I will reserve my strong opinions about this article for the comments section. For now I’ll just say, “It’s damn well time!!”
Bush Preemptive Strike Doctrine Under Review, May Be Discarded
By Tony Capaccio
Oct. 15 (Bloomberg) — The Pentagon is reviewing the Bush administration’s doctrine of preemptive military strikes with an eye to modifying or possibly ending it.
The international environment is “more complex” than when President George W. Bush announced the policy in 2002, Kathleen Hicks, the Defense Department’s deputy undersecretary for strategy, said in an interview. “We’d really like to update our use-of-force doctrine to start to take account for that.”
Snip>
The doctrine is being reassessed as part of the Pentagon’s Quadrennial Defense Review of strategy, force structure and weapons programs. Hicks is overseeing the review.
“We are looking very explicitly at use of force and use of forces,” she said. “We are looking at how to articulate the use of the U.S. military instrument — how we use military force to achieve national objectives.”
President Barack Obama was elected last year on a platform that included promises to undo many Bush policies. He pledged to extract U.S. forces from Iraq, close the terror detention center at Guantanamo Bay, Cuba, and give greater U.S. support to the UN.
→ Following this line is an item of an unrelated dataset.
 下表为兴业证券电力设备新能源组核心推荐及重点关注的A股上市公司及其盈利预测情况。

Norway’s Nobel committee, in awarding Obama the Peace Prize last week, cited a “new climate” in world politics and the restoration of “multilateral diplomacy.” The prize also was widely seen as a repudiation of Bush’s policies.
Report to Congress
Congress requires the administration to report its national security strategy annually, and it requires the Pentagon to reassess its policies and war-fighting doctrine every four years.
The Obama administration will state its security doctrine for the first time as part of the Pentagon’s review, which will be given to Congress in February along with the fiscal 2011 budget.
Snip>
“That doctrine was always at odds with international law and norms,” said James Lindsay, director of studies at the Council on Foreign Relations in New York. The doctrine is now “dead” after the invasion of Iraq, when the U.S. in March 2003 launched a “preventive war” to eradicate “the threat of weapons of mass destruction that did not exist,” he said.
‘New Strategy’
James Mann, an author in residence at Johns Hopkins University in Baltimore, said the doctrine “was presented as not just the ‘right’” to strike “before you are about to be attacked, but as an entirely new strategy for dealing with the world.”
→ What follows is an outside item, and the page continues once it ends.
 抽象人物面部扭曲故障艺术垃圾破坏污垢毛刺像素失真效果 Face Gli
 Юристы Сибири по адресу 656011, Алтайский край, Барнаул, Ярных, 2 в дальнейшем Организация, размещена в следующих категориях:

“I don’t think the Obama people believe preemption should be defined in this incredibly broad sense — and I think they feel — with some reason — the broad definition really lost American support in the rest of the world,” said Mann, author of “Rise of the Vulcans,” a 2004 history of Bush’s war cabinet.
Snip>
To contact the reporter on this story: Tony Capaccio at acapaccio@bloomberg.net.
Please read the entire article and do not allow my excerpts to color your overall take of this important news.



17 Comments







I’m trying not to have this bad feeling about Ms. Hicks announcement – seems too much like rewording and renaming ‘war of aggression’ makes it o.k., you know like calling torture ‘enhanced interrogation techniques’ makes it not torture.
I’d defend Obama to my last breath if he would just stand up like a man and plainly state that the war against Iraq was wrong, waged unjustly without foundation in facts and evidence, was against all that America has always stood for, was against American and international law and treaties, and has brought unforgivable death, destruction and division upon the peoples of the earth.
I won’t launch into my tirade about what really “prompted Bush” to institute his doctrine of preemptive war…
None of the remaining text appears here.